While playing around with the ENCODE RNA-seq data-sets, I noticed that some of the pair-end files have weirdly set flags.
The following few lines are from the CSHL/wgEncodeCshlLongRnaSeqAdrenalAdult8wksAlnRep1.bam file.
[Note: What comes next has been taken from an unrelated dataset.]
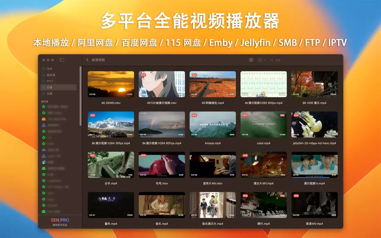 SenPlayer是一款功能强大的多平台视频播放器,支持8K解码、蓝光ISO原盘以及各种音视频格式,具备卓越的解码能力。它不仅支持Emby、Jellyfin及多个网盘(如阿里网盘、百度网盘和115网盘),还可通过WEBDAV、SMB、FTP和IPTV进行电视直播。用户可以享受iCloud同步观影记录的便利,实现多端播放的无缝体验。此外,SenPlayer完美支持HDR10和HLG,确保在苹果设备上呈现出色的HDR效果,兼容iPhone、iPad、Apple TV和Mac等多种设备。应用还提供文件管理、视频记录、私密空间和安全锁定等多项实用功能,确保用户的观看体验既便捷又安全。

PAN_0073:1:69:16755:10476#0 163 chr1 3190766 255 76M = 3190867 177 GTGGAATAATTTGTTAATTGTGAAGTGTATGGTTTTGTATTTTGAAACCAAACAACAGTAGCTGAGGTAGTTAAAT hhhghhhhhhhhhhhhhhhhhhgchhhhhhhhhhhhhghhhhhhghghhhgehghhhhhghhhhhhhedhghggef XS:A:- PAN_0073:1:69:16755:10476#0 115 chr1 3190867 255 76M = 3190766 -177 TGAGAGAATGGAGAACCAATGTAAGGAGCCCAGACTCTTGCCATCTGGAAGCAGGCTCACCAAGTATGATGGTTTC ahhfhhhhfehehhhghghgfhhhhhhghhhchghghhhehhfggghhhhghghhghhghhhhhhhdhhhhhhhhh XS:A:- PRESLEY_0042_FC627A8AAXX:2:95:2727:20071#0 163 chr1 3195839 255 76M = 3195919 156 GCCACTAATTGAGAAGAACTATCAGAGGGAAGTTTTTCTTGGAAAGAGCCAGTCTTGACATGAAGCTTCCTACGTG fggggggggggggfcgggggfggggcffdfggggggggggggggggegggggggggfgggggeggggggggggggg XS:A:- PRESLEY_0042_FC627A8AAXX:2:95:2727:20071#0 115 chr1 3195919 255 76M = 3195839 -156 CCTTCTTTCCATGGTAGCCAGGCCTTGCCCTTTCATAAGAAGACATGTGAAGTACCATAATTATGGAGTGGCAGAG hebaee``bb[ahahhghghhgffhgehfhhhhfhhffafchcfhghhhhhghhghhhhhhhhghhhhhhhhfghh XS:A:-
As you can see, the flag for the forward read is set to 163, which is ok, but the one on the reverse strand is set to 115, which designates that the second read in the pair is mapped to the wrong strand.
Is this a feature or a bug of ENCODE data?
If it is a bug, it would be extremely helpful if somebody from the consortium could use their supercomputing powers to fix them.